THE TASK -
In the material below, pictures must be dropped. Repeat exactly, and only, the lines from the line with "- Stylish Propagation" to the line with "Lettera sottoscritta da", both ends included.

EXCERPTED DATA -

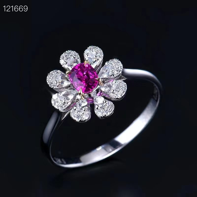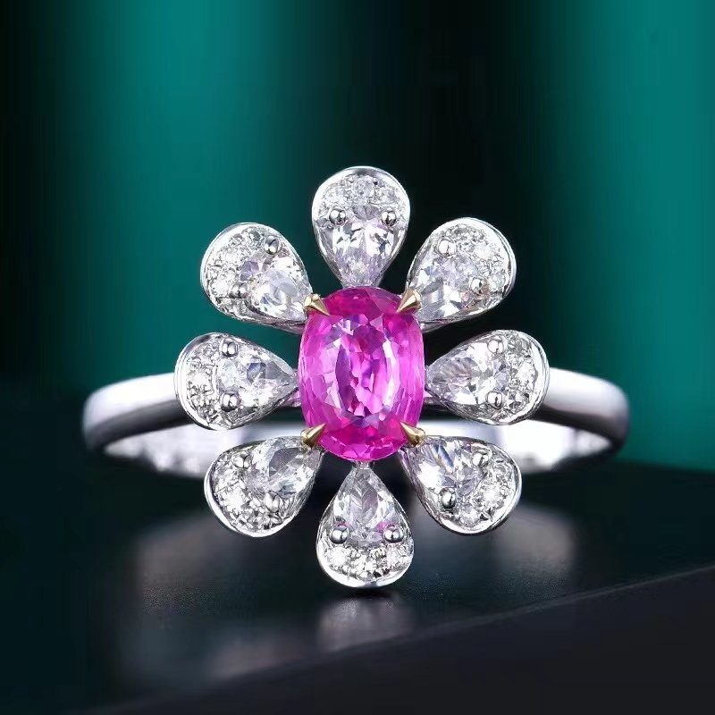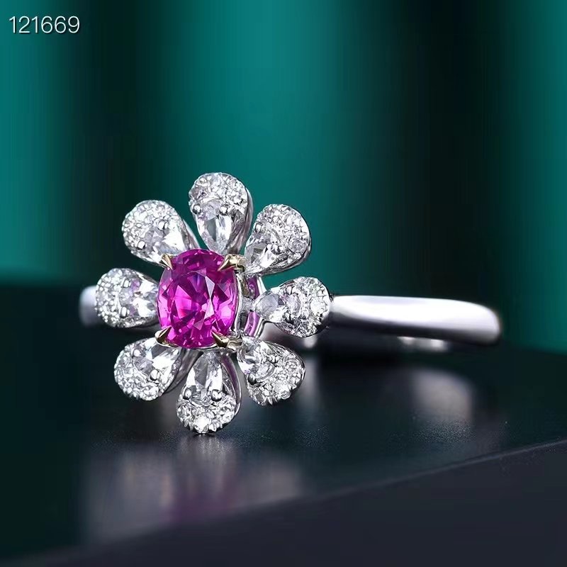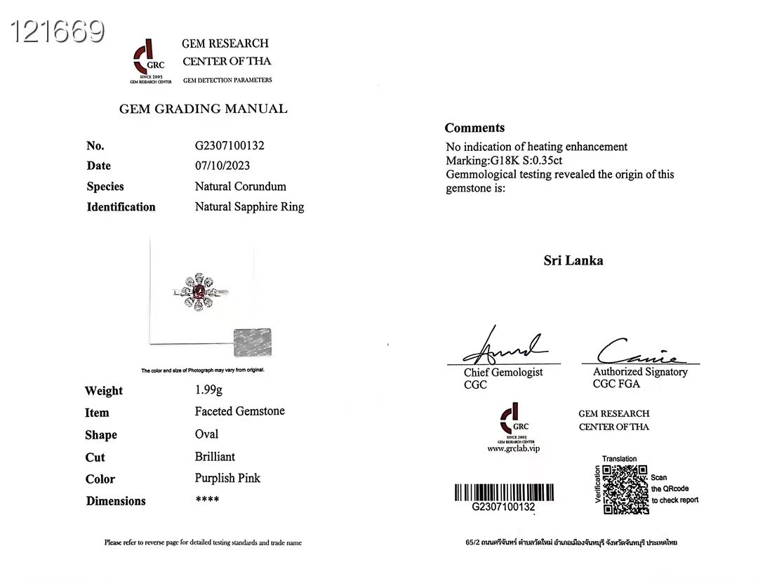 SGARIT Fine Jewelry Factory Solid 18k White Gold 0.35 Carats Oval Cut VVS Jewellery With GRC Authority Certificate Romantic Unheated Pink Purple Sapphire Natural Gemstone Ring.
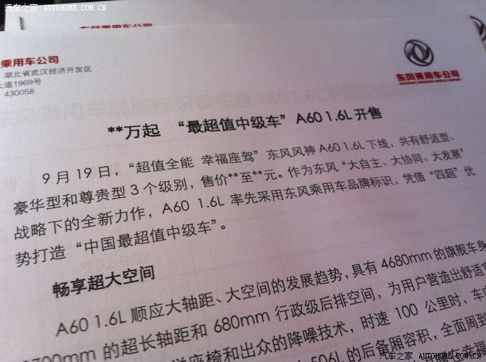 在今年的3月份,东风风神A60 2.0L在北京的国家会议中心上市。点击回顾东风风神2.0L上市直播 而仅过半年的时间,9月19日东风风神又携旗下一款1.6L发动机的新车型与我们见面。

...

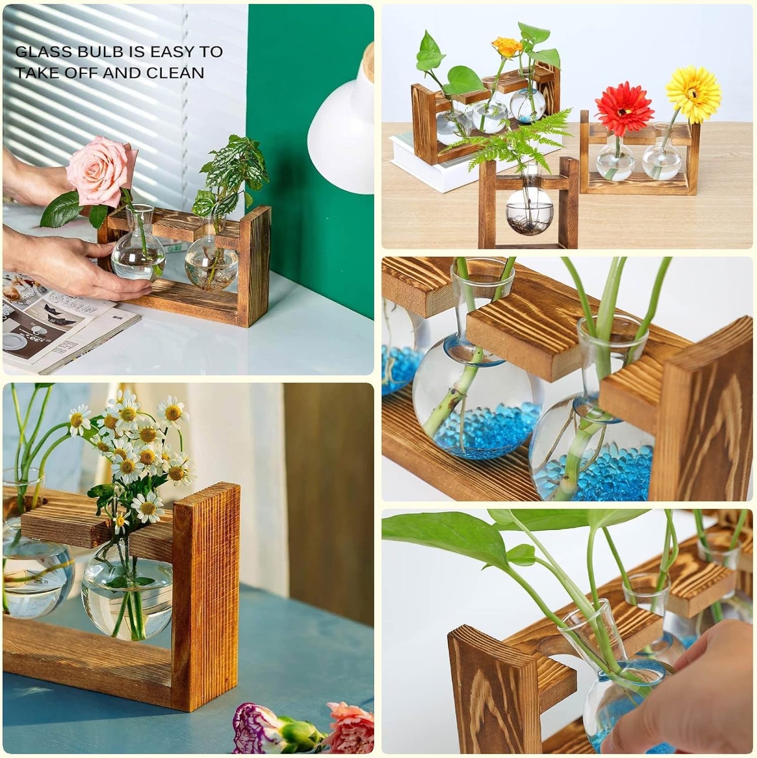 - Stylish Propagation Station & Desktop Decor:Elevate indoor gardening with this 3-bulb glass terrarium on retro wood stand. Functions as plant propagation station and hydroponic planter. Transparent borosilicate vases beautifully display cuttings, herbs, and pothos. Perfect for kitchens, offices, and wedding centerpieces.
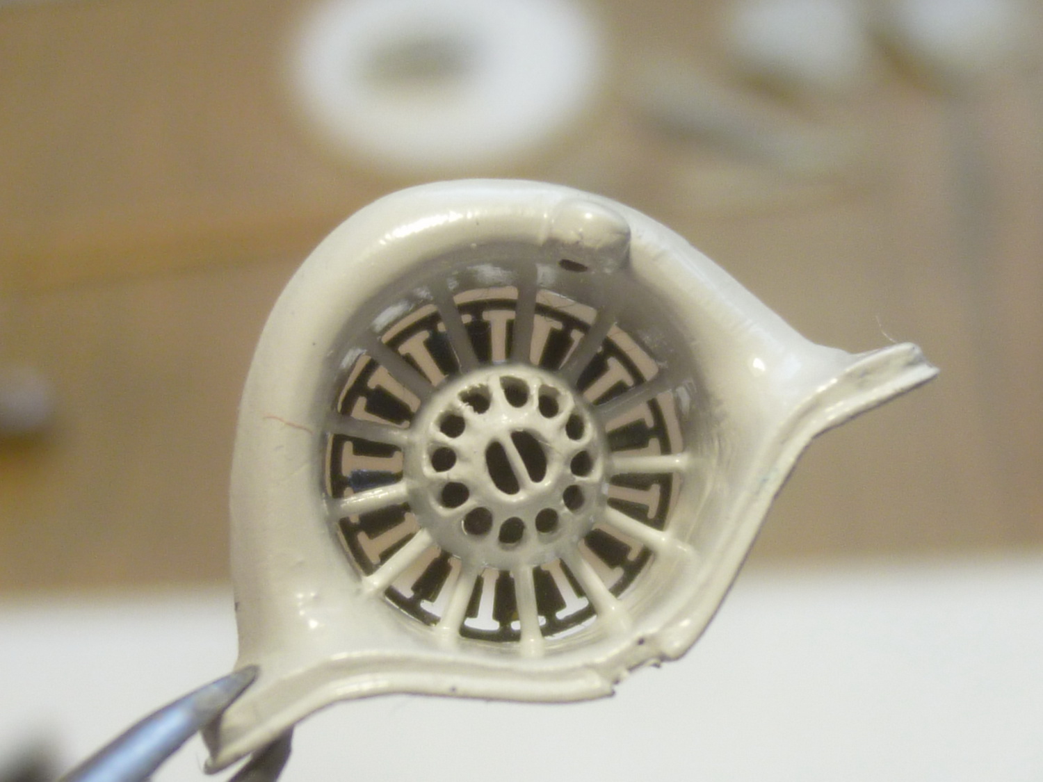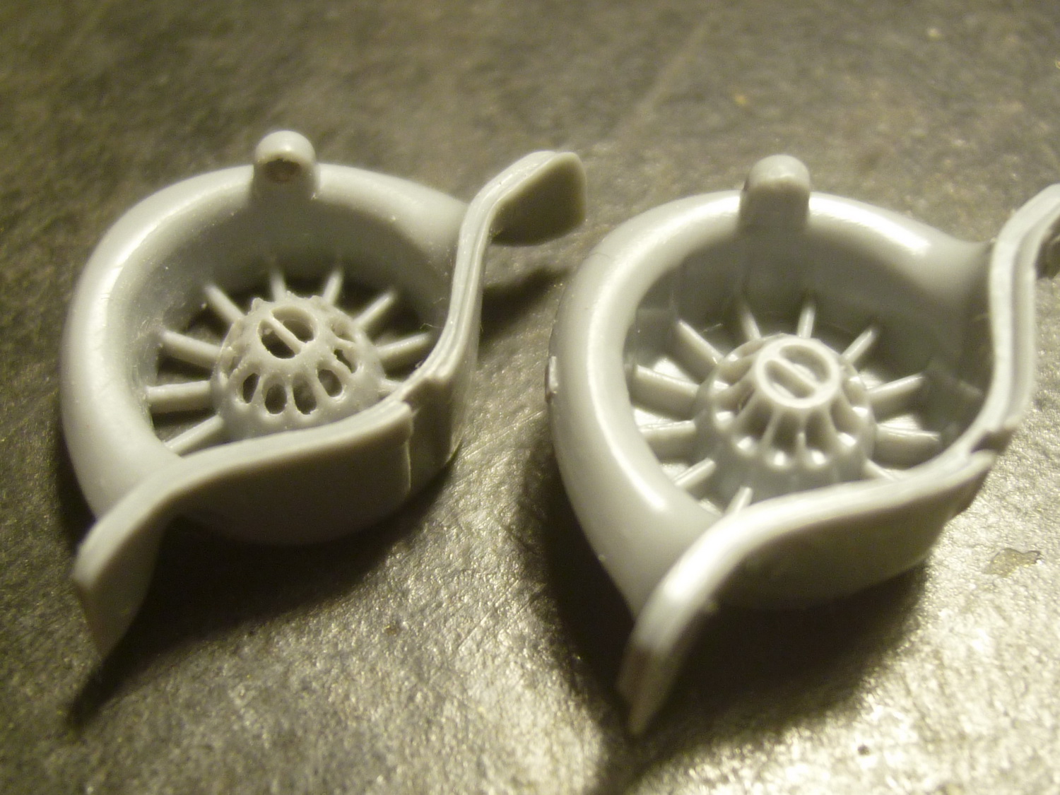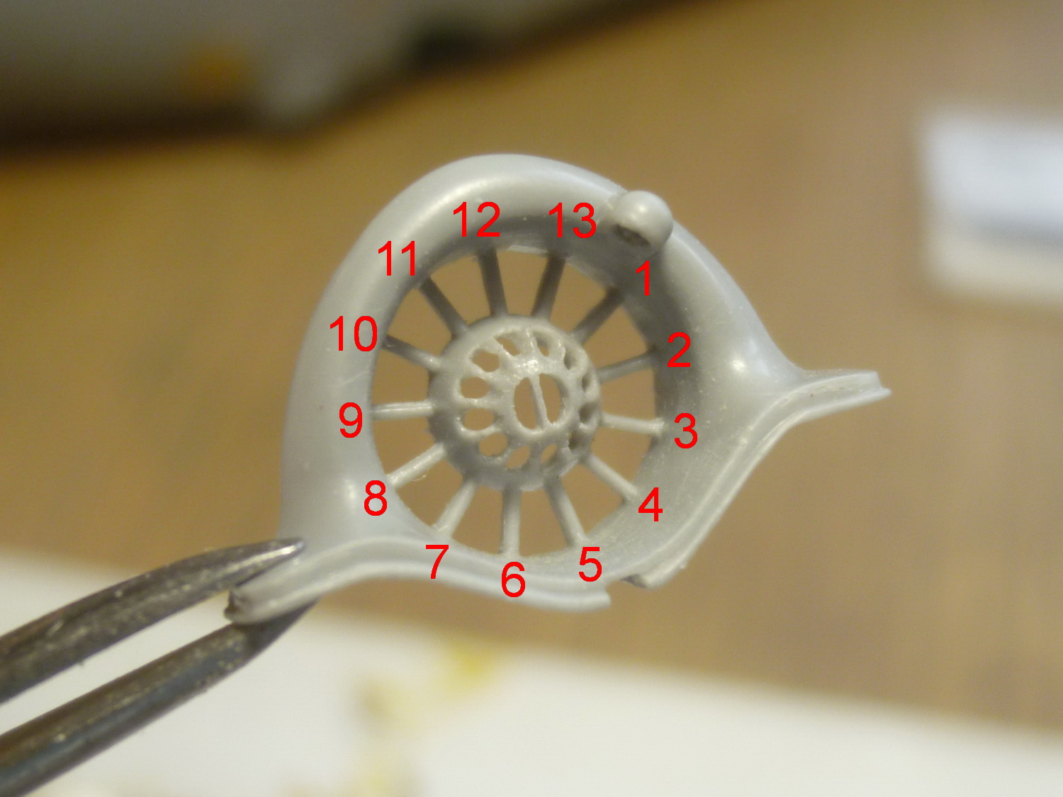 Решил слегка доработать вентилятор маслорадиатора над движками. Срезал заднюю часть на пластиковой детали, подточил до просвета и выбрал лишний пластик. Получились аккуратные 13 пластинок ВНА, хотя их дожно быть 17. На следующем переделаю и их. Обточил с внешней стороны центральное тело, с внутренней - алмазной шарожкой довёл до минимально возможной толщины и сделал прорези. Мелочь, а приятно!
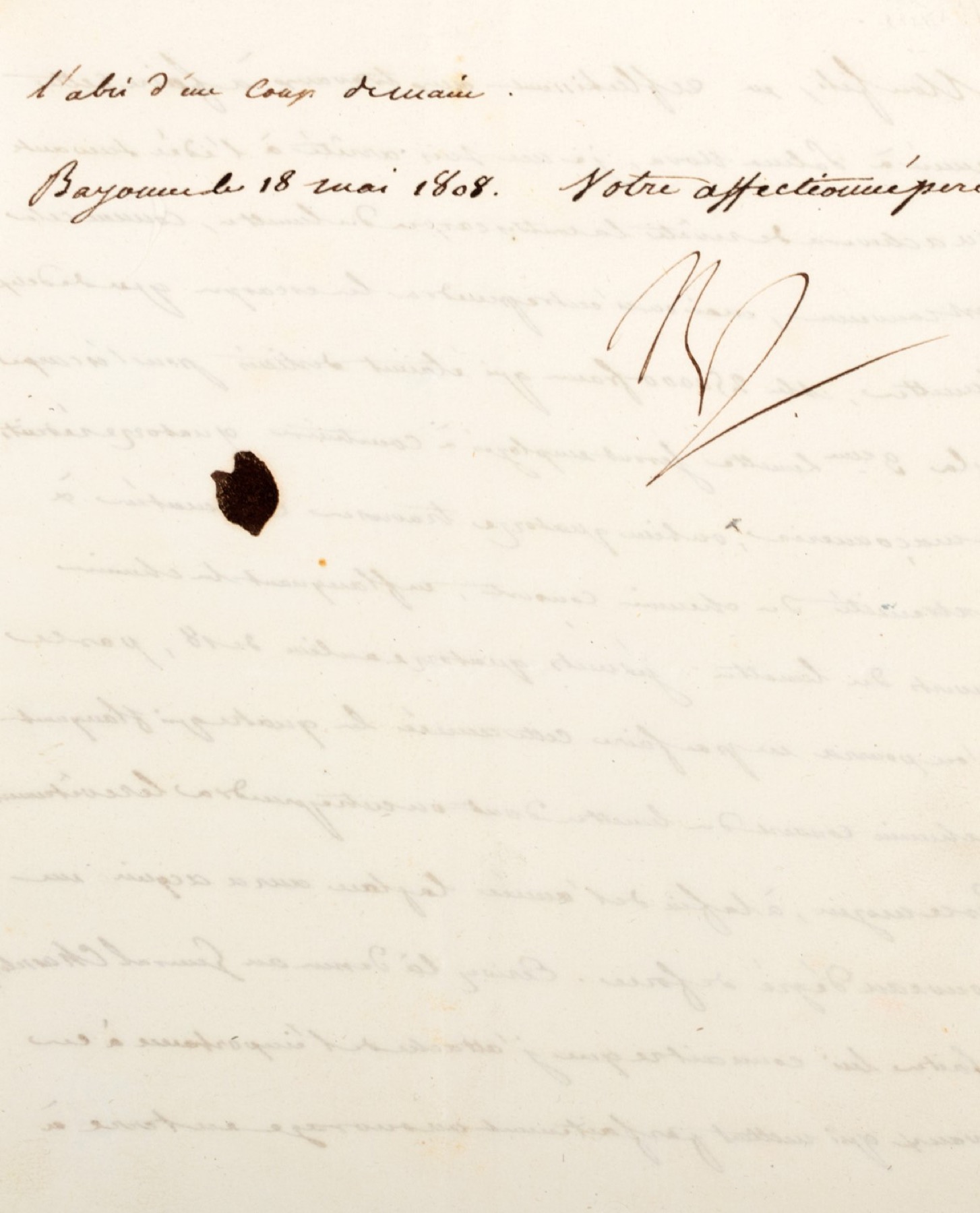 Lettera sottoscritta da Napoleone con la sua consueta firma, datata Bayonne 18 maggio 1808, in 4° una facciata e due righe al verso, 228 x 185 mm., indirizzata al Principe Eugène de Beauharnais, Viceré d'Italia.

RESPONSE TO THIS TASK -
 - Stylish Propagation Station & Desktop Decor:Elevate indoor gardening with this 3-bulb glass terrarium on retro wood stand. Functions as plant propagation station and hydroponic planter. Transparent borosilicate vases beautifully display cuttings, herbs, and pothos. Perfect for kitchens, offices, and wedding centerpieces.
 Решил слегка доработать вентилятор маслорадиатора над движками. Срезал заднюю часть на пластиковой детали, подточил до просвета и выбрал лишний пластик. Получились аккуратные 13 пластинок ВНА, хотя их дожно быть 17. На следующем переделаю и их. Обточил с внешней стороны центральное тело, с внутренней - алмазной шарожкой довёл до минимально возможной толщины и сделал прорези. Мелочь, а приятно!
 Lettera sottoscritta da Napoleone con la sua consueta firma, datata Bayonne 18 maggio 1808, in 4° una facciata e due righe al verso, 228 x 185 mm., indirizzata al Principe Eugène de Beauharnais, Viceré d'Italia.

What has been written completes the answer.